A direct measure of the DO concentration within spawning gravels is not a feasible criteria that can be effectively implemented.
This rule making seeks to resolve these conclusions to appropriately modify the freshwater DO criteria to better protect intragravel habitat by improving the water column DO criteria, incorporate a percent saturation element to the criteria, and protect spawning gravel substrate more directly by limiting fine sediment intrusion.
c. We agreed to address fine sediments in the surface water quality standards. Adding fine sediment criteria aligns with our agreement in the 2018 United States District Court Stipulated Order of Dismissal (order) between Northwest Environmental Advocates (NWEA), EPA, and ecology. In the order, ecology agreed to propose fine sediment criteria to protect salmonid nests, known as redds. We committed to completing proposed language by October 18, 2021.
Other Federal and State Agencies that Regulate this Subject and the Process Coordinating the Rule with These Agencies: We will work with tribes to discuss, and seek input on, rule making activities. Other coordinating federal and state agencies include the Washington state department of fish and wildlife and the United States EPA.
Process for Developing New Rule: Ecology will follow the standard process for the adoption of rules under the Administrative Procedure Act (chapter 34.05 RCW).
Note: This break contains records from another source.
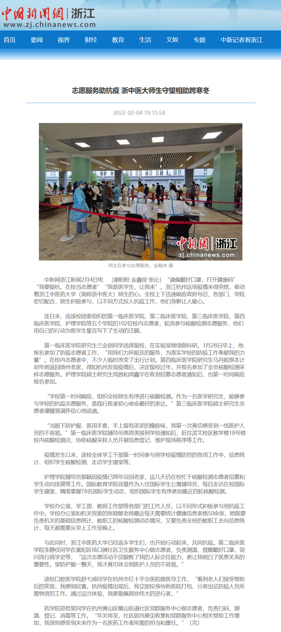 志愿服务助抗疫 浙中医大师生守望相助跨寒冬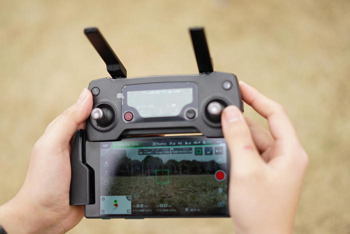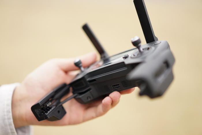 Mavic Pro 的遥控器在使用时打开底部的两个固定槽,就可以方便的将手机接入,手机上需要安装大疆的专用应用,然后就可以像玩主机游戏一样进行无人机的指挥操作了。遥控器的按键设计和功能操作逻辑与 PS4 等主机游戏的手柄非常相似,所以如果你玩过主机游戏,那么相信可以十分容易的上手。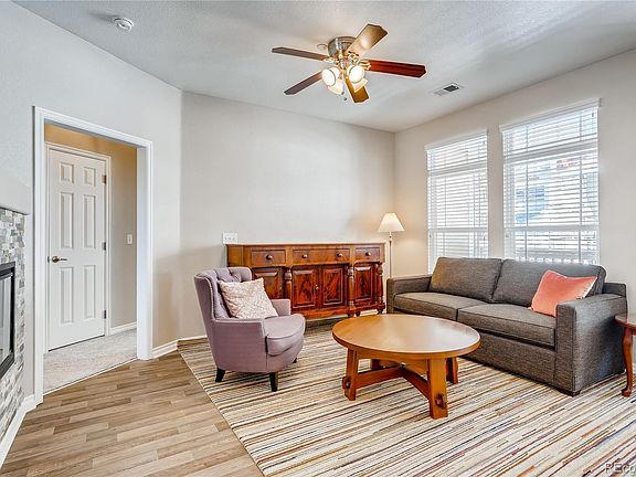 Rarely available 2 bedroom, 2 bath condo in The Broadlands just off the golf course. Great schools. Easy access to shopping, restaurants, Boulder, Denver and the airport. Attached 2 car tandem garage. Walk-in pantry. All appliances are new and included. Balcony off the dining area. Large family room with new fireplace. New interior paint, new exterior paint and new 2" blinds throughout. Laundry room with included washer and dryer. Quick possession available. The community features access to 2 swimming pools a clubhouse and a fitness center. Enjoy fishing at nearby Mckay Lake and Plaster Reservoir. Easy access to walking trails, parks.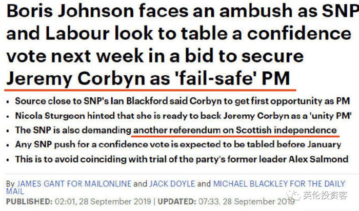 一旦鲍里斯下台,SNP将全力推举科尔宾担任临时首相,以换取科尔宾当上首相后允许苏格兰进行第二次独立公投。

Interested parties can participate in the decision to adopt the new rule and formulation of the proposed rule before publication by contacting Marla Koberstein, Department of Ecology, Water Quality Program, P.O. Box 47600, Olympia, WA 98504-7600, phone 360-407-6413, people with speech disability may call TTY at 877-833-6341, people with impaired hearing may call Washington relay service at 711, email, website Sign up to receive email notices
Additional comments: Interested parties can stay informed about the rule making and public involvement opportunities as described above. Ecology will extend an offer for government-to-government consultation with tribal governments during each phase of rule development.